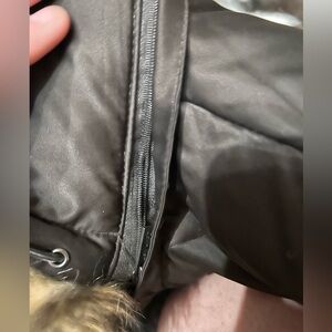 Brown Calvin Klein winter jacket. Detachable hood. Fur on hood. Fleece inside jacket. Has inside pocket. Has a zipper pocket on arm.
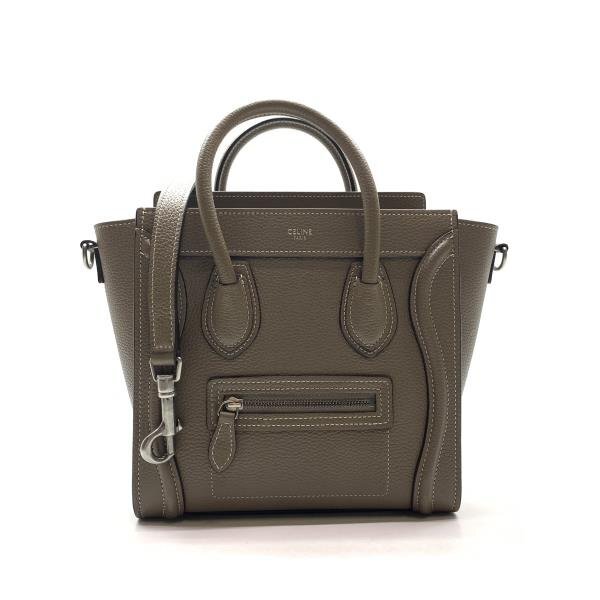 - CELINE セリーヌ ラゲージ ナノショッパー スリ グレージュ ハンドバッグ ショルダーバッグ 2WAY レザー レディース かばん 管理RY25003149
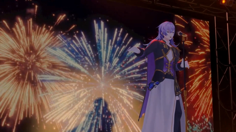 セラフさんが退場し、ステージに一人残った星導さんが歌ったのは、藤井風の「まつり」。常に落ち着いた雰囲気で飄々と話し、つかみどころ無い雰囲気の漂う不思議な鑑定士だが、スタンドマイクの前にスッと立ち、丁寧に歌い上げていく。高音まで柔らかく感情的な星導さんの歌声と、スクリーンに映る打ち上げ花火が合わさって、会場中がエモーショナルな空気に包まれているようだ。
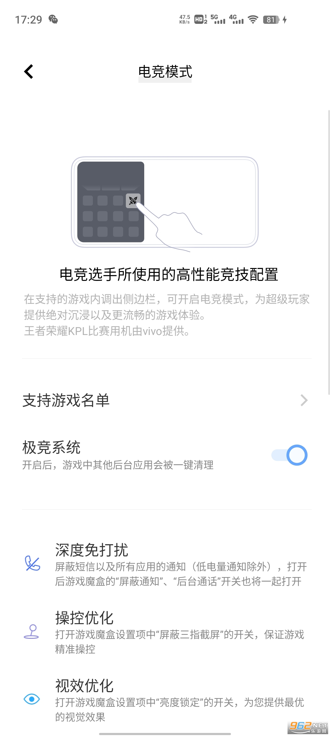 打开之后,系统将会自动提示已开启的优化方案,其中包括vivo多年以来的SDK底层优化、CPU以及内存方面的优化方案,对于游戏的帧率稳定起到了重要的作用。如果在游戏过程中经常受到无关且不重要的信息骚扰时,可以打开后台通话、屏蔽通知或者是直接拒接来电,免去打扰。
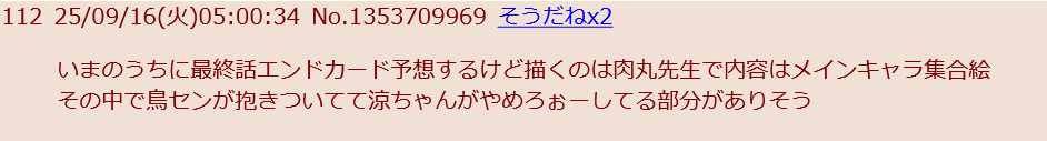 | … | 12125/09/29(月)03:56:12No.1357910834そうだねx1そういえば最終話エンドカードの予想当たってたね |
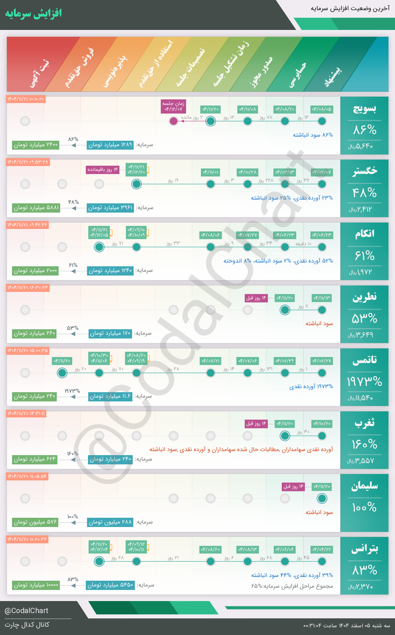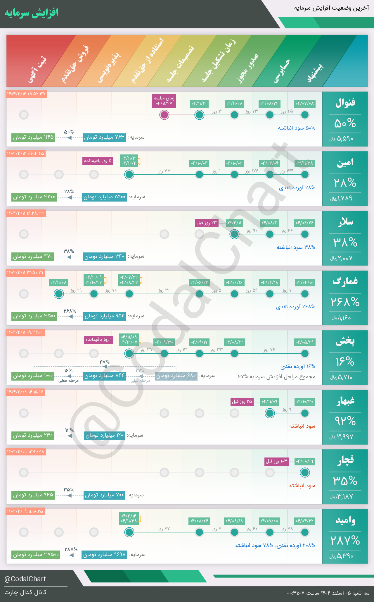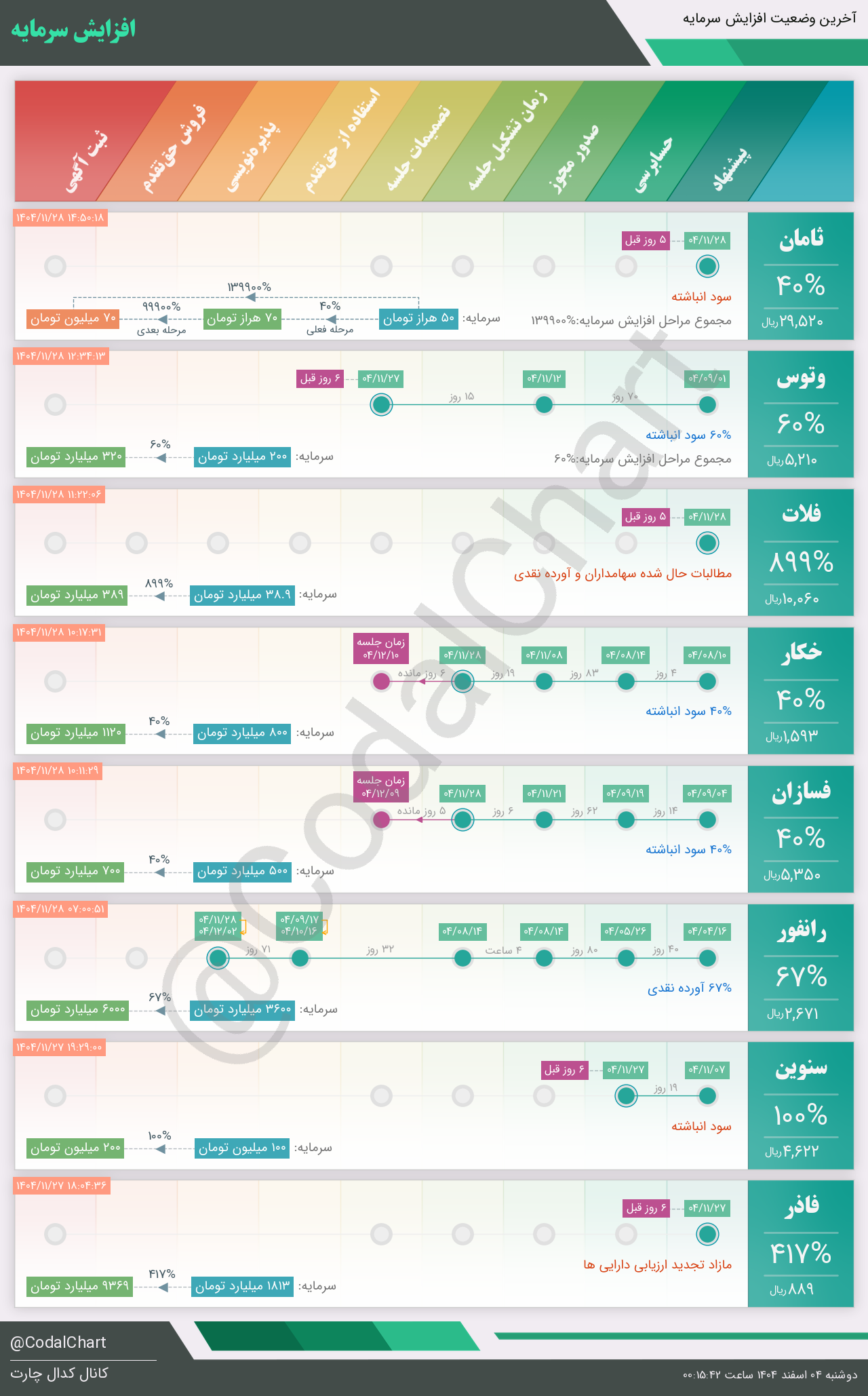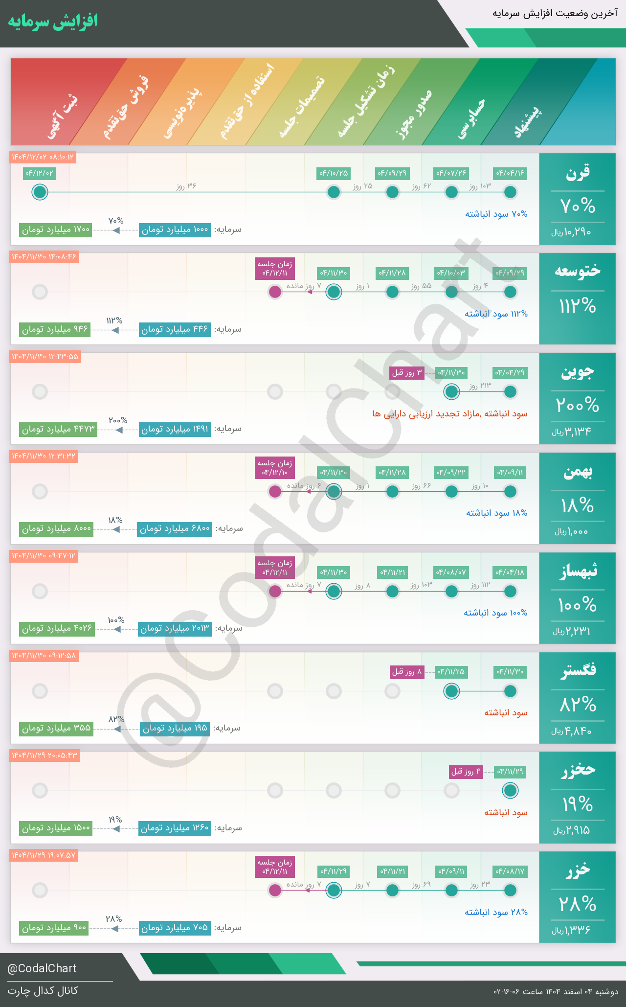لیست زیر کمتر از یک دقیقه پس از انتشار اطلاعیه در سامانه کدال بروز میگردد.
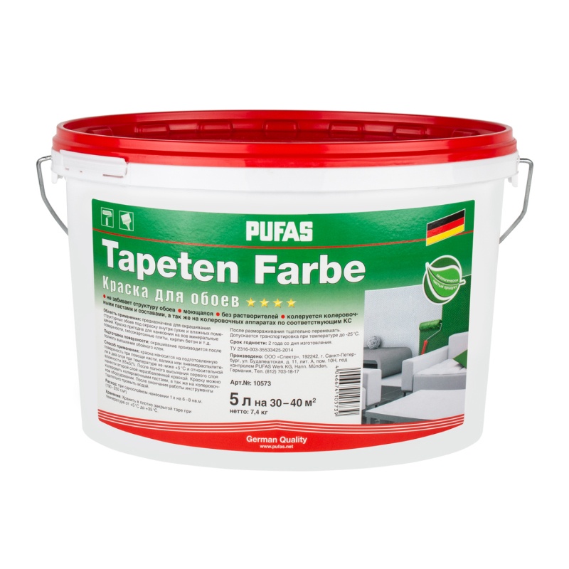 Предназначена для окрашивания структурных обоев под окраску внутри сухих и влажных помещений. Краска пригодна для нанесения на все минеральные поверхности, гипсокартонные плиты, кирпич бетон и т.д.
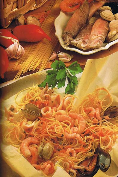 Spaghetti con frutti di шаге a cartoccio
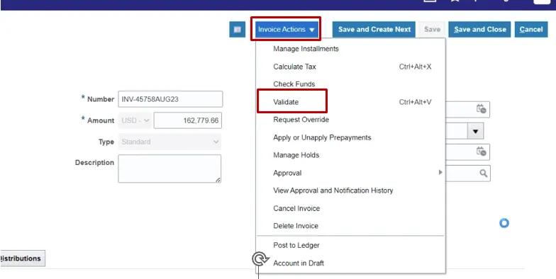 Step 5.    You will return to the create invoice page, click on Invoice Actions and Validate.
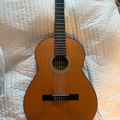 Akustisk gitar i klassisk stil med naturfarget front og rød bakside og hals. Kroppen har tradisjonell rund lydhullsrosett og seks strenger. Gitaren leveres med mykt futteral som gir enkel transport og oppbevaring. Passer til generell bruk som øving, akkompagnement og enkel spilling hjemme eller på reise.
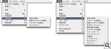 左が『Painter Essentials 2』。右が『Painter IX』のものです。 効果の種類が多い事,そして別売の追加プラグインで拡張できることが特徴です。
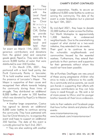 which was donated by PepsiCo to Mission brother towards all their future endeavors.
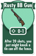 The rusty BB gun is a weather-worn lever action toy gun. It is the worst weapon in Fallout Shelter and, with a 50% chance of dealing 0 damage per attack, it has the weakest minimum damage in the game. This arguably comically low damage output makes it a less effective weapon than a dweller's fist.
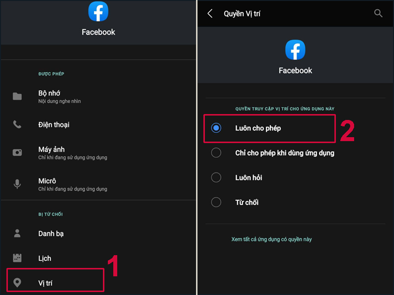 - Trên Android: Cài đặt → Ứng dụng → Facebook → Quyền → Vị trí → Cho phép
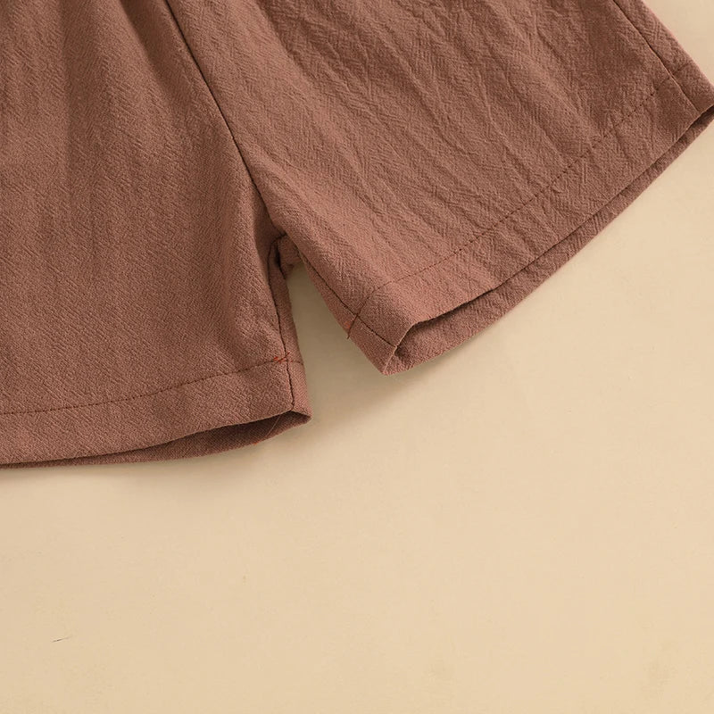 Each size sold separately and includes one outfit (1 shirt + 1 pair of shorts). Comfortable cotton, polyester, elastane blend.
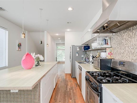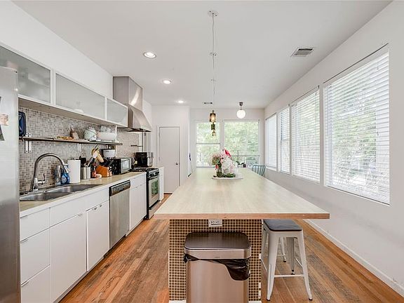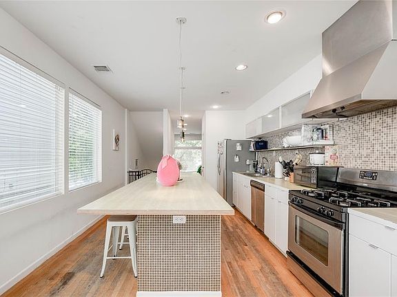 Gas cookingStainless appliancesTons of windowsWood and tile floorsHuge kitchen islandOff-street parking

------------------------

* [About this exercise] Please repeat the lines of the material above exactly, starting with the line that contains "- CELINE セリーヌ" and ending with the line that contains "لیست زیر کمتر". Leave the pictures out.

* [Exercise response]
 - CELINE セリーヌ ラゲージ ナノショッパー スリ グレージュ ハンドバッグ ショルダーバッグ 2WAY レザー レディース かばん 管理RY25003149
 セラフさんが退場し、ステージに一人残った星導さんが歌ったのは、藤井風の「まつり」。常に落ち着いた雰囲気で飄々と話し、つかみどころ無い雰囲気の漂う不思議な鑑定士だが、スタンドマイクの前にスッと立ち、丁寧に歌い上げていく。高音まで柔らかく感情的な星導さんの歌声と、スクリーンに映る打ち上げ花火が合わさって、会場中がエモーショナルな空気に包まれているようだ。
 打开之后,系统将会自动提示已开启的优化方案,其中包括vivo多年以来的SDK底层优化、CPU以及内存方面的优化方案,对于游戏的帧率稳定起到了重要的作用。如果在游戏过程中经常受到无关且不重要的信息骚扰时,可以打开后台通话、屏蔽通知或者是直接拒接来电,免去打扰。
 | … | 12125/09/29(月)03:56:12No.1357910834そうだねx1そういえば最終話エンドカードの予想当たってたね |
لیست زیر کمتر از یک دقیقه پس از انتشار اطلاعیه در سامانه کدال بروز میگردد.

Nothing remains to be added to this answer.